* **To do**:
Below are some entries; reproduce them exactly and leave every picture out.

* **Given data**:
•••
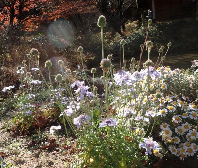 しっかり開花中だったのがソナレマツムシソウとアシズリノジギク.
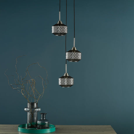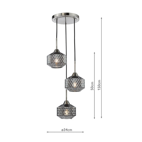 £13000 GBPUnit price /UnavailableIn stock (100 units)Fabrienne 3 Light Cluster Pendant Satin Nickel and Smoked Glass
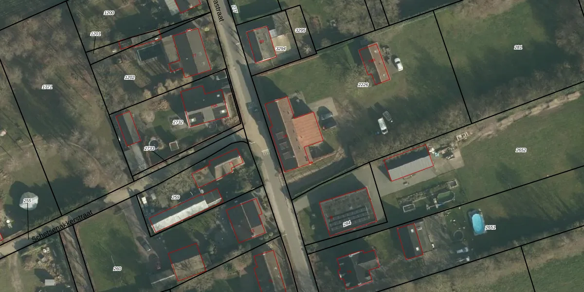 Het perceel waarop het adres ligt is MDE01-T-2226. De afkorting 'MDE01' staat voor kadastrale gemeente Made en Drimmelen. De gemiddelde perceelgrootte in Made en Drimmelen is 7290,57 m². Dit perceel is kleiner: de perceeloppervlakte bedraagt 2809 m². Het grootste perceel in de kadastrale gemeente is 3,79 km². Het kleinste perceel heeft een oppervlakte van 0 m². Er zijn 3 adressen aanwezig op het perceel. De huidige grenzen van het perceel zijn digitaal in de Basisregistratie Kadaster (BRK) geregistreerd op 17-12-2024.
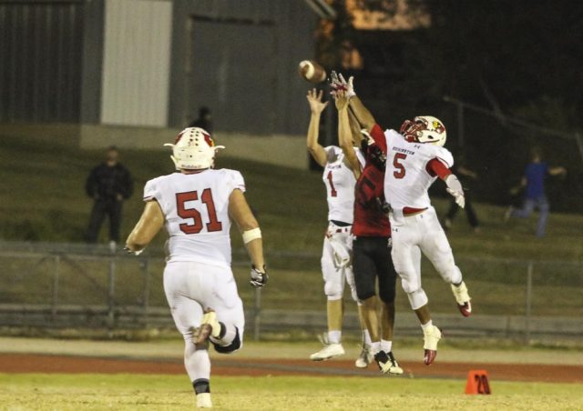 Hoisington Cardinal Cameron Davis (#5) breaks up a pass meant for Ellsworth Bearcat Jordan Base (#5). The Hoisington Cardinals defeated the Ellsworth Bearcats 39 to 20 at Shanelac Field in Ellsworth, Kansas on October 14, 2016. (Photo: Joey Bahr, www.joeybahr.com)undefined
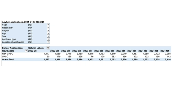 A further analysis of the data suggests a notable increase in asylum applications from Iranians, particularly in 2022, with the highest surge occurring in Q4 of that year, with 3,686 applications.
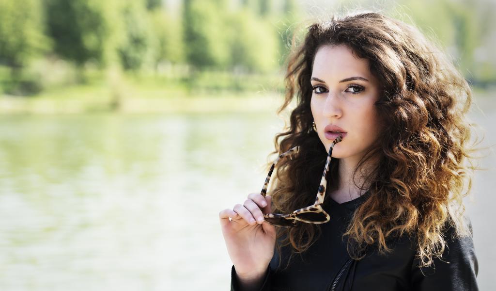 Wallpaper Beautiful girl with wavy hair with glasses in hands
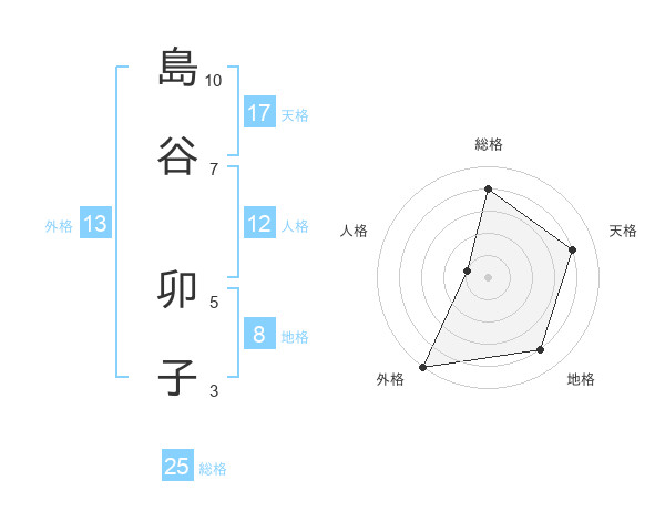 島谷 卯子さんの天格は17画の4点!
•••
* **Answer for the task**:
 しっかり開花中だったのがソナレマツムシソウとアシズリノジギク.
 £13000 GBPUnit price /UnavailableIn stock (100 units)Fabrienne 3 Light Cluster Pendant Satin Nickel and Smoked Glass
 Het perceel waarop het adres ligt is MDE01-T-2226. De afkorting 'MDE01' staat voor kadastrale gemeente Made en Drimmelen. De gemiddelde perceelgrootte in Made en Drimmelen is 7290,57 m². Dit perceel is kleiner: de perceeloppervlakte bedraagt 2809 m². Het grootste perceel in de kadastrale gemeente is 3,79 km². Het kleinste perceel heeft een oppervlakte van 0 m². Er zijn 3 adressen aanwezig op het perceel. De huidige grenzen van het perceel zijn digitaal in de Basisregistratie Kadaster (BRK) geregistreerd op 17-12-2024.
 Hoisington Cardinal Cameron Davis (#5) breaks up a pass meant for Ellsworth Bearcat Jordan Base (#5). The Hoisington Cardinals defeated the Ellsworth Bearcats 39 to 20 at Shanelac Field in Ellsworth, Kansas on October 14, 2016. (Photo: Joey Bahr, www.joeybahr.com)undefined
 A further analysis of the data suggests a notable increase in asylum applications from Iranians, particularly in 2022, with the highest surge occurring in Q4 of that year, with 3,686 applications.
 Wallpaper Beautiful girl with wavy hair with glasses in hands
 島谷 卯子さんの天格は17画の4点!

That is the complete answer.